The Department of Labor has scored a small victory, with a federal judge rejecting one of several legal challenges to the agency’s fiduciary rule, the Wall Street Journal reports.

The National Association for Fixed Annuities had argued that the DOL overstepped its authority by releasing the rule, which forces retirement brokers to put clients’ interests ahead of its own and goes into effect in April. But U.S. District Judge Randolph Moss denied the group’s request to delay the rule’s implementation, the Journal writes.

The NAFA suit is the first legal challenge to the rule to receive a hearing, but several other lawsuits are still outstanding. The most significant suit, according to the Journal, is the one filed in Texas by a group of industry groups headed by the U.S. Chamber of Commerce and the Securities Industry and Financial Markets Association, which is scheduled for a hearing November 17. The suit, taken up by Eugene Scalia of the law firm Gibson, Dunn & Crutcher, claims that the DOL overstepped its mandate by creating the rule in the first place. In addition, Scalia claims that by making the rule, the DOL had rendered the term “fiduciary” unrecognizable.

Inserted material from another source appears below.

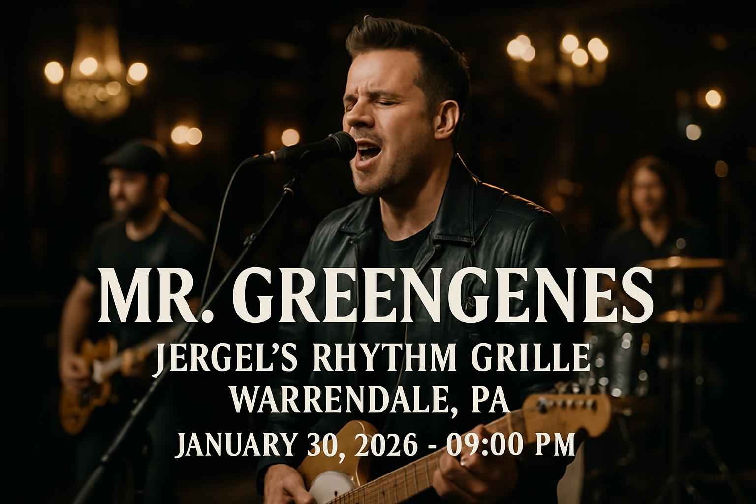 The Mr Greengenes concert begins at 900 PM on January 30 2026 at Jergel’s Rhythm Grille in Warrendale PA.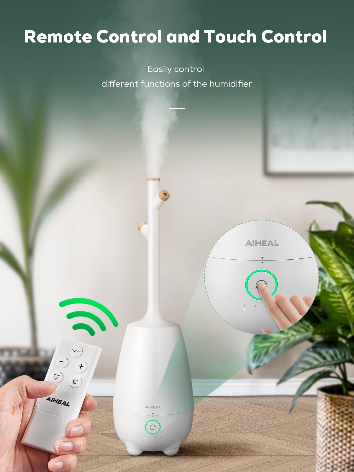 【Wide Coverage Area up to 350 sq ft and High Mist】The unique design of three mist outlets makes the Aiheal humidifier spread the cold mist more widely. You can choose to open or close two side mist outlets to meet different needs. But the mist outlet in the middle is non-adjust able, and cannot be closed. The tall of the humidifier is 27.87 inches and has a high mist output level, so you don’t have to worry about wetting the table or floor. 【Constant Humidity & Aromatherapy】Turn on the constant humidity mode, the air humidifier will automatically adjust the mist output to keep the room humidity at 50%-70% RH. Add your favorite aromatherapy oil to thehumidifier’s essential oil tray, and the fragrance will be diffused into the room along with the cold mist. It will bring you an environment with comfortable humidity and fragrance, and bring you a good mood. 【Touch Control and Remote Control】The room humidifier for large room is easy to operate, with only one touch button, that can be controlled by gentle touch. The humidifier also comes with a remote control that can be used up to 4-5 meters. You don’t have to move your body, the remote control allows you to easily control the operation of the humidifier when you need it. 【Quiet Operation and Sleep Mode】The ultrasonic humidifier runs as quietly as a whisper. When the sleep mode is turned on, the mist output will remain at level 1, and the lights of the light ring go off. Aiheal humidifier will not disturb your sleep or work, making it ideal for use in bedrooms, baby rooms, offices, living rooms, rooms with plants, etc. 【Top Fill and Detachable Water Tank】The large capacity water tank of 5L/1.32 gal can keep the floor humidifier running for up to 25 hours. The top fill design allows you to easily refill the water by opening the lid. At the same time, the detachable water tank with a handle allows you to take it to other places for filling. Aiheal humidifier for bedroom frees you from frequent refilling and the inconvenience of refills. 【Quick Assembly Tips】It is simple to fasten the water tank back to the base. You need to align the side printed with the logo with the side where the control button is, and then place the water tank.

Moss’s rejection of NAFA’s request, meanwhile, was expected. But Judge Daniel Crabtree in the District of Kansas, whose court has been traditionally opposed to the DOL, may grant the injunction brought in his court September 21, Erin Sweeney, counsel at Miller & Chevalier and a former senior benefit law specialist at the DOL, told the National Law Journal this summer. In that case, the rule’s fate could end up getting decided in the Supreme Court, he said.